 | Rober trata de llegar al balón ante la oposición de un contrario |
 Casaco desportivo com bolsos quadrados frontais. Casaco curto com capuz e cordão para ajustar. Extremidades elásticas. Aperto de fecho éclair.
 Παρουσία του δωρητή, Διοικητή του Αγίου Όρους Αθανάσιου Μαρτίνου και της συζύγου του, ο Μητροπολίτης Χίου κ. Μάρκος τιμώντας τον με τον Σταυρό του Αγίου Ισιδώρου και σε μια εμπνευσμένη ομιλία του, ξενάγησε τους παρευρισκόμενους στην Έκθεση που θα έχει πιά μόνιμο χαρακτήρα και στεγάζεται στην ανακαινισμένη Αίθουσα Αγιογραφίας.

========================================

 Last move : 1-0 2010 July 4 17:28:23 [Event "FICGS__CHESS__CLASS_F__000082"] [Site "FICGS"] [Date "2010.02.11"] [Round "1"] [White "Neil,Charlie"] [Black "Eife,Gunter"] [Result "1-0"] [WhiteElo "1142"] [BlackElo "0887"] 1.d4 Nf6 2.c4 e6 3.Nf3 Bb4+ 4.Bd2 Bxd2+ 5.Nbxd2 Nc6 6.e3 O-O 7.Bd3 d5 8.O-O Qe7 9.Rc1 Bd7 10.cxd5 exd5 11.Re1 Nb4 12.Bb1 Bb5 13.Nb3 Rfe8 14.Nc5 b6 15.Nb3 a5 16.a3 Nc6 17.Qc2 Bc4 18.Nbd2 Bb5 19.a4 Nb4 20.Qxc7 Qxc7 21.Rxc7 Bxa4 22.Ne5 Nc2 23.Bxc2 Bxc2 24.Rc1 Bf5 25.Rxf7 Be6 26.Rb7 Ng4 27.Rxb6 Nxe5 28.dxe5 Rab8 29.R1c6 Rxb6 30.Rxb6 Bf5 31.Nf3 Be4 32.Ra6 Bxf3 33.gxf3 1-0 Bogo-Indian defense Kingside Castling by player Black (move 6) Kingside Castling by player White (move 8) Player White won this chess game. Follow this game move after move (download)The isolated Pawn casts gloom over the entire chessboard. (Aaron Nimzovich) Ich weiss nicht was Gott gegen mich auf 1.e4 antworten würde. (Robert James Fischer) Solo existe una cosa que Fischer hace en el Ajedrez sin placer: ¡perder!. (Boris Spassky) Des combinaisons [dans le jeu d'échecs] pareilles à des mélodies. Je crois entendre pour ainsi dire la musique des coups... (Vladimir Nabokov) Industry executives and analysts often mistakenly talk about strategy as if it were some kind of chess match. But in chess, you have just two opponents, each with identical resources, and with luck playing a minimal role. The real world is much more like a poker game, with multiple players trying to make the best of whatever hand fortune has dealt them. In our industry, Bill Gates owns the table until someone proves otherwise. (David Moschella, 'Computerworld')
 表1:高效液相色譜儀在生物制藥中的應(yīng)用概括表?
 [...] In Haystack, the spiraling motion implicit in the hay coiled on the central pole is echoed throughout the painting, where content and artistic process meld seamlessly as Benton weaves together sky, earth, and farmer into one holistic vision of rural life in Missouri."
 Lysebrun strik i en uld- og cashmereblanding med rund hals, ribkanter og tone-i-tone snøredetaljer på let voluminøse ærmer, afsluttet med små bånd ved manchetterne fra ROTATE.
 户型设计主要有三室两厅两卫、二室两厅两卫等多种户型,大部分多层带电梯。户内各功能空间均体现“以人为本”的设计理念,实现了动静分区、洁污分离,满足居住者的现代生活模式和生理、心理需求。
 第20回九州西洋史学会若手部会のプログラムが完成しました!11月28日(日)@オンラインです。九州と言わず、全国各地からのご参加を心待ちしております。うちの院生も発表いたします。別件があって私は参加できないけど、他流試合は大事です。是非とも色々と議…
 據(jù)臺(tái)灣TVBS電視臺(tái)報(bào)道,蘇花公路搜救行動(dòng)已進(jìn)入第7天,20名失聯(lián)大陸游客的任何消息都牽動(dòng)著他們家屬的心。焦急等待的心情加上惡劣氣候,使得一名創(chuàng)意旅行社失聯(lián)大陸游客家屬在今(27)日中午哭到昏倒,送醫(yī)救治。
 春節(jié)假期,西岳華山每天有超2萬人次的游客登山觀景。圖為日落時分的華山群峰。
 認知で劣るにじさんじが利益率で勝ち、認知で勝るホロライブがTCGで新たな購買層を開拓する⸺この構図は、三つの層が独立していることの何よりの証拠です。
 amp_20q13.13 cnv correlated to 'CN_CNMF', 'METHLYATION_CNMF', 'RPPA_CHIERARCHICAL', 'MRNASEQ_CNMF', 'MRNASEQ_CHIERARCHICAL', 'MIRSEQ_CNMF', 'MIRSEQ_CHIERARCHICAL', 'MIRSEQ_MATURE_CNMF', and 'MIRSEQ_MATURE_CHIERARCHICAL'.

========================================

WHAT YOU HAVE TO DO: Above are records; repeat only the lines starting at the line with "户型设计主要有三室两厅两卫、" and ending at the line with "第20回九州西洋史学会若手部", exactly as they appear, both included.

TASK ANSWER:
 户型设计主要有三室两厅两卫、二室两厅两卫等多种户型,大部分多层带电梯。户内各功能空间均体现“以人为本”的设计理念,实现了动静分区、洁污分离,满足居住者的现代生活模式和生理、心理需求。
 第20回九州西洋史学会若手部会のプログラムが完成しました!11月28日(日)@オンラインです。九州と言わず、全国各地からのご参加を心待ちしております。うちの院生も発表いたします。別件があって私は参加できないけど、他流試合は大事です。是非とも色々と議…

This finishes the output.